(Supplied material)

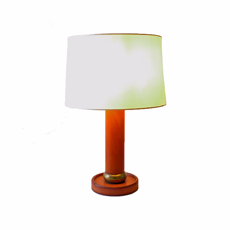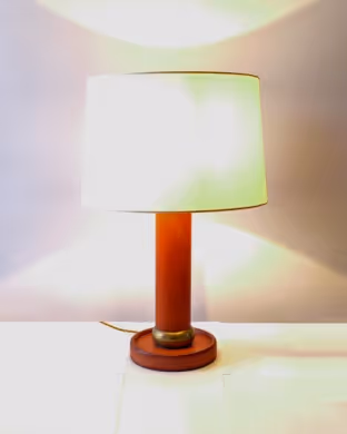A leather and brass table lamp. Pig Skin with a thick brass ring. Rewired & PAT-certified
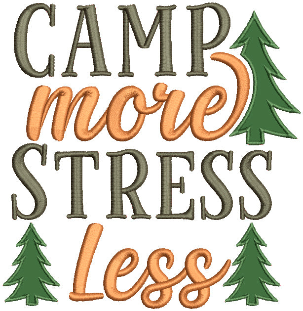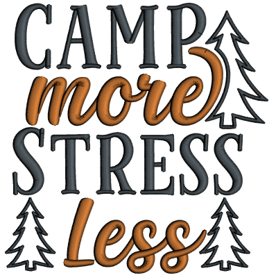 Camp More Stress Less Applique Machine Embroidery Design Digitized Pattern
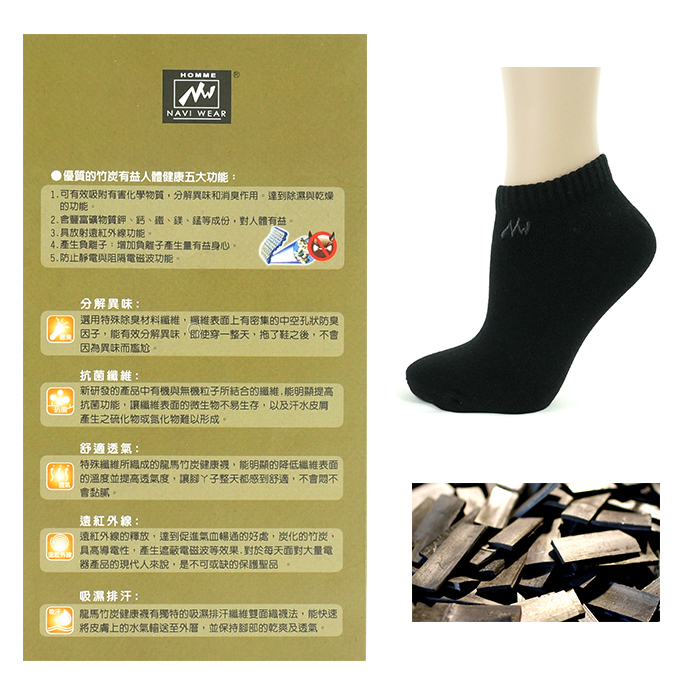 【台灣製】全竹炭抗菌除臭船襪(20-24cm)
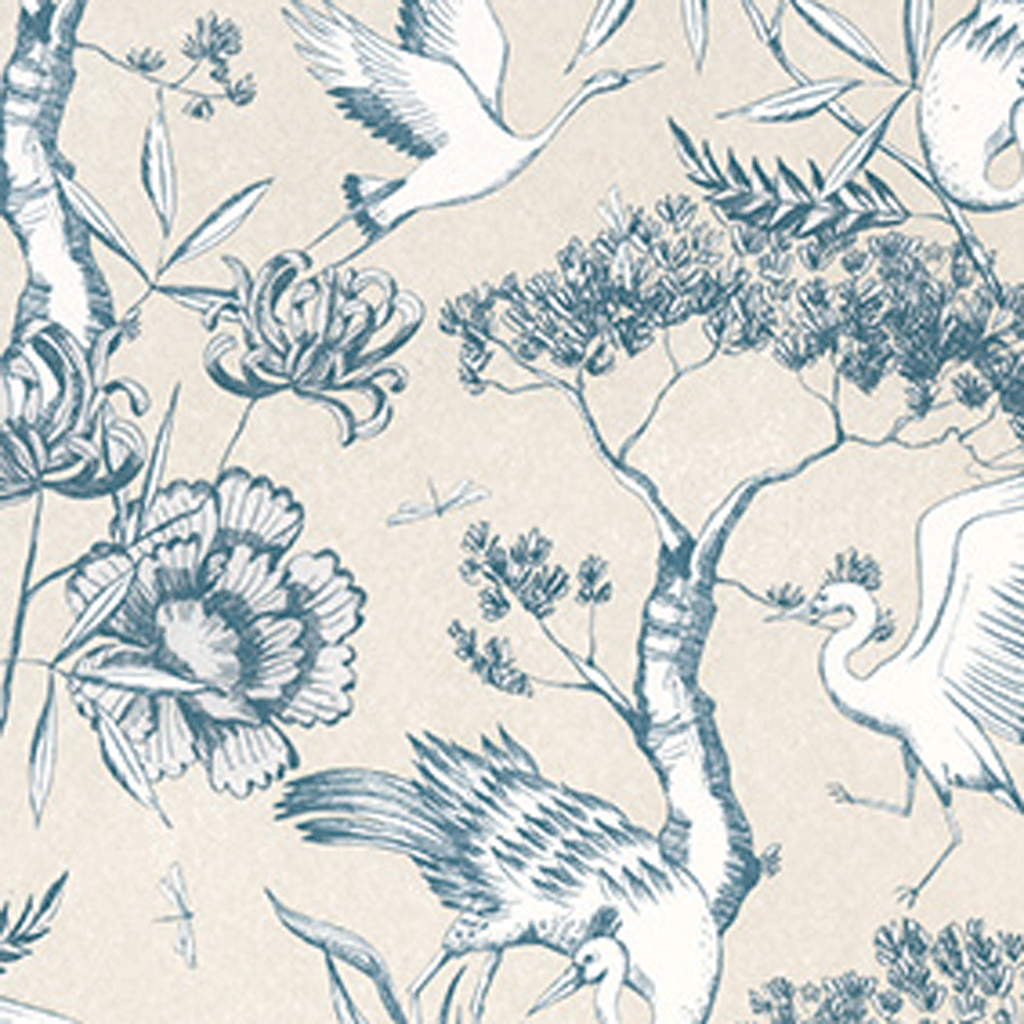 Cadeaupapier Inzai is stevig, maar toch soepel inpakpapier met een mooie print van een kraanvogel en bloemen met een taupe kleurige ondergrond en een warm donkerblauwe bedrukking.

(End Supplied material)

» **Exercise objective**: Leave the pictures out, and print every line of the listing exactly as written.

» **Answer section**:
A leather and brass table lamp. Pig Skin with a thick brass ring. Rewired & PAT-certified
 Camp More Stress Less Applique Machine Embroidery Design Digitized Pattern
 【台灣製】全竹炭抗菌除臭船襪(20-24cm)
 Cadeaupapier Inzai is stevig, maar toch soepel inpakpapier met een mooie print van een kraanvogel en bloemen met een taupe kleurige ondergrond en een warm donkerblauwe bedrukking.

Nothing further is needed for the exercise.